* Requirement *
Copy exactly the lines of the data below, beginning with the line with "打包清单:验钞器:1台,说明书1本,USB数据线:1条" and ending with the line with "Realisasi Penerimaan Pajak". Pictures are to be omitted.

* Extracted data *
****

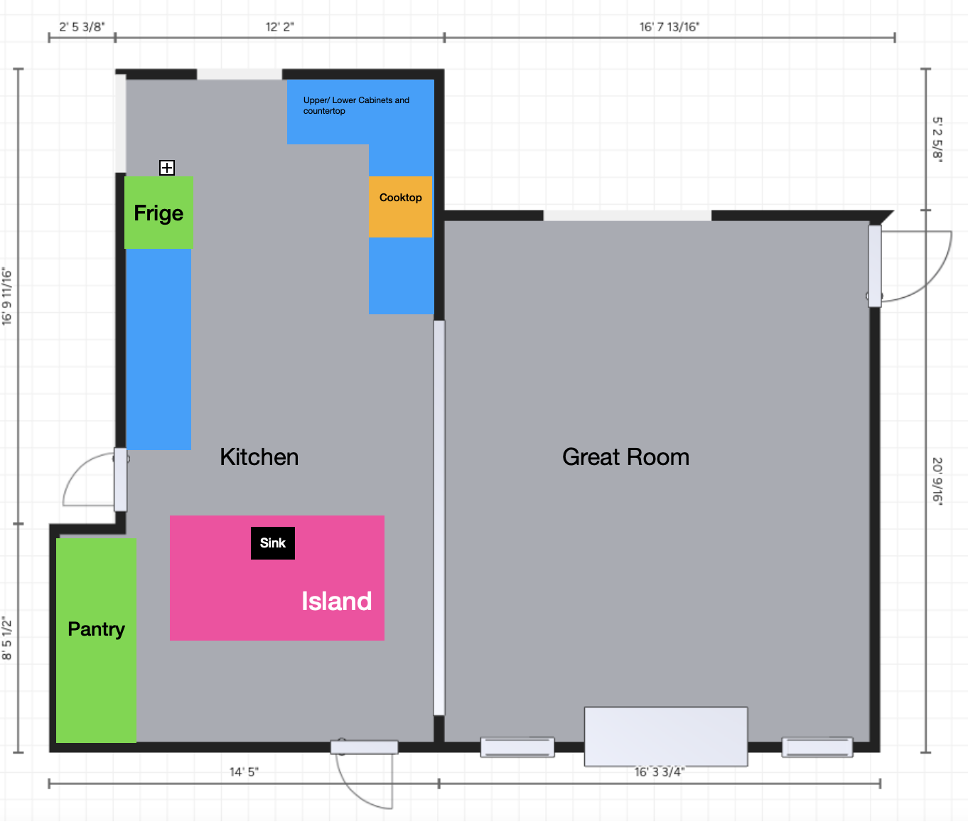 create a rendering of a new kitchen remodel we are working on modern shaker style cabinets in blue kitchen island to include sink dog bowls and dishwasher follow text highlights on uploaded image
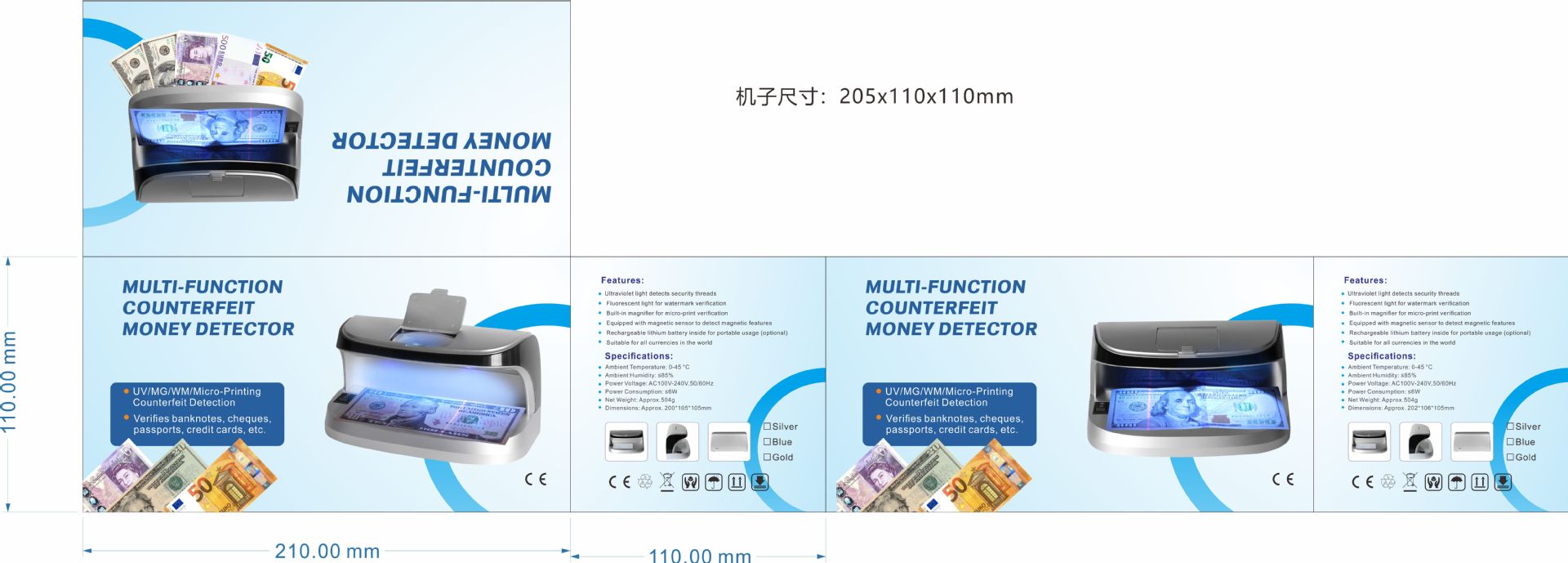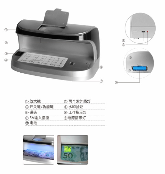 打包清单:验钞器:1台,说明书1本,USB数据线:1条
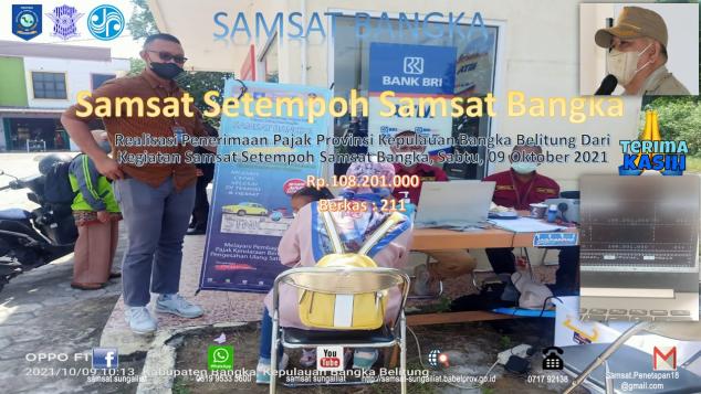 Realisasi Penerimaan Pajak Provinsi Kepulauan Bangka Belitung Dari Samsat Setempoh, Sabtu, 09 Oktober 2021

****

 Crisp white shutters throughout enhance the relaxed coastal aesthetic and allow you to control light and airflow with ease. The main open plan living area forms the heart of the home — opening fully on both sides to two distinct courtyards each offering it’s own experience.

****

* Result of the exercise *
 打包清单:验钞器:1台,说明书1本,USB数据线:1条
 Realisasi Penerimaan Pajak Provinsi Kepulauan Bangka Belitung Dari Samsat Setempoh, Sabtu, 09 Oktober 2021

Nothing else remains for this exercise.